I mentioned above the only circumstances that would permit me to use '4f' in a rifle but that is only a personal decision for a very specific reason and would, as above, be proofed remotely and checked before using in anger. The thick wall 0.32 inch is a very different situation to larger calibres in the residual strength of the barrel against the chamber capacity and I would be using an Ardesa Crockett which has the stronger forged bolster as against their larger bores with drums. There is a general pattern amongst modern muzzle loaders to use a common hexagonal stock bar and bore differing size holes down them to the chosen bore. Thus a 0,45 inch bore has thicker walls than if a 0,54 inch bore is made into the same stock bar. Thus the more powerful charges have the thinner walls left. This is not recklessness on the part of the manufacturers. Merely production engineering and it leaves the smaller bores with excess metal rather than the larger ones with a paucity. It does not make the 0,45 inch invulnerable but it does make abusing the 0,54 inch even less wise. I am aware that the 0,32 inch uses a thinner barrel than the others. There are, of course, many fine manufacturers who do not use a common bar size but the principle does apply to a typical modern sidelock muzzle loader.

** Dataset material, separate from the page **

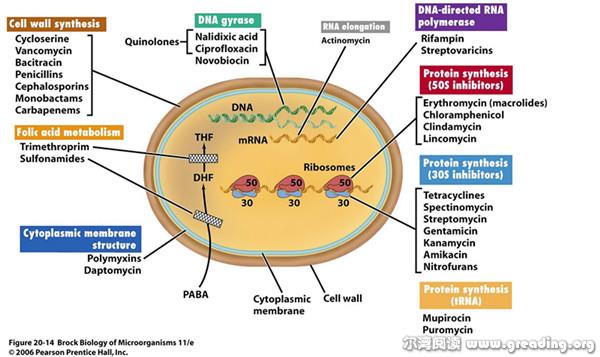不同的抗生素和抗菌剂针对细菌的目标不同(图三):

Again probably being safe means that you will only probably not lose bits of yourself, suffer excruciating pain, die and/or cause the same to others nearby.

Apologies for the rants and lecture mode. The OP was right to ask the question. Only a fool does not ask if they do not know. When I was 18 I knew everything. As I age I learn that there are more and more things that I did not know. I presume that, by the time I pass away of old age I will be astonished by my total ignorance of everything. In other fields that is why young people innovate. They don't yet know that you can't do it (whatever 'it' may be).